You can get the template code at GitHub.

The challenge

Here's another cool project I have done as a part of the Udacity's self-driving car program. There were two problems solve. The first one was to find the lane lines and compute some of their properties. The second one was to detect and draw bounding boxes around nearby vehicles. Here's the result I got:

Detecting lane lines and vehicules

Detecting lanes

The first thing I do after correcting for camera lens distortion is applying a combination of Sobel operators and color thresholding to get an image of edges. This operation makes lines more pronounced and therefore much easier to detect.

Edges
Edges

I then get a birds-eye view of the scene by applying a perspective transform and produce a histogram of all the white pixels located in the bottom half of the image. The peaks in this histogram indicate the presence of mostly vertical lines, which is what we're looking for. I detect all these lines by using a sliding window search.
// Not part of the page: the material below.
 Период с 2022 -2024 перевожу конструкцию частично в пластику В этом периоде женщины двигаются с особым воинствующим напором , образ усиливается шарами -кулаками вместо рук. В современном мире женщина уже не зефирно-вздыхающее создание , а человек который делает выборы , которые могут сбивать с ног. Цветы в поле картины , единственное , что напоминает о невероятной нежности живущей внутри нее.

I start at the bottom of the image and move towards the top adjusting the horizontal position of each successive window to the average of the x coordinate of all the pixels contained in the previous one. Finally, I fit a parabola to all these pixels. Out of all the candidates detected this way, I select a pair that is the closest to being parallel and is roughly in the place where a lane line would be expected.
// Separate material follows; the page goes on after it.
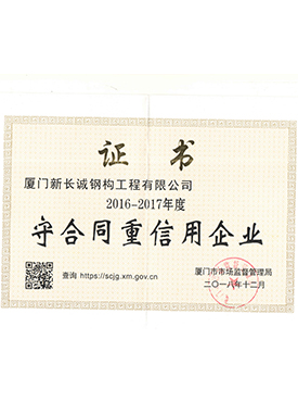 2016-2017年度守合同重信用企業(yè)證書(shū)

The orange area in the picture below visualizes the histogram, and the red boxes with blue numbers in them indicate the positions of the peaks found by the find_peaks_cwt function from scipy.
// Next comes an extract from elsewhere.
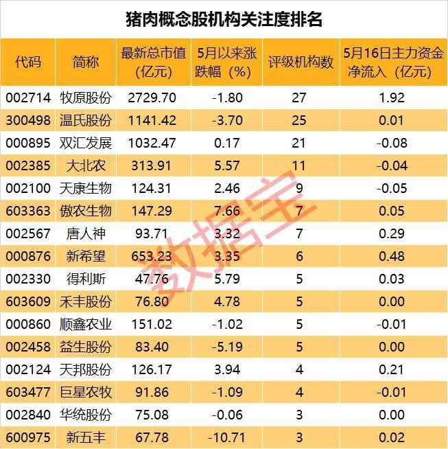 牧原股份也是猪肉概念股中机构关注度最高的个股,合计有27家机构评级。此外,温氏股份、双汇发展、大北农等个股均有10家以上机构评级,天康生物、傲农生物、唐人神等个股均有5家以上机构评级。

Bird's eye view - histogram search
Bird's eye view - histogram search

Once I have found the lanes in one video frame, locating them in the next one is much simpler - their position did not change by very much. I just take all the pixels from a close vicinity of the previous detection and fit a new polynomial to them. The green area in the image below denotes the search range, and the blue lines are the newly fitted polynomials.

Bird's eye view - vicinity search
Bird's eye view - vicinity search

I then use the equations of the parabolas to calculate the curvature. The program that produced the video above uses cross-frame averaging to make the lines smoother and to vet new detections in successive video frames.

Vehicle detection

I detect cars by dividing the image into a bunch of overlapping tiles of varying sizes and running each tile through a classifier to check if it contains a car or a fraction of a car. In this particular solution, I used a linear support vector machine (LinearSVC from sklearn). I also wrapped it in a CalibratedClassifierCV to get a measure of confidence. I rejected predictions of cars that were less than 85% certain. The classifier trained on data harvested from the GTI, KITTI, and Udacity datasets from which I collected around 25 times more background samples than cars to limit the occurrences of false-positive detections.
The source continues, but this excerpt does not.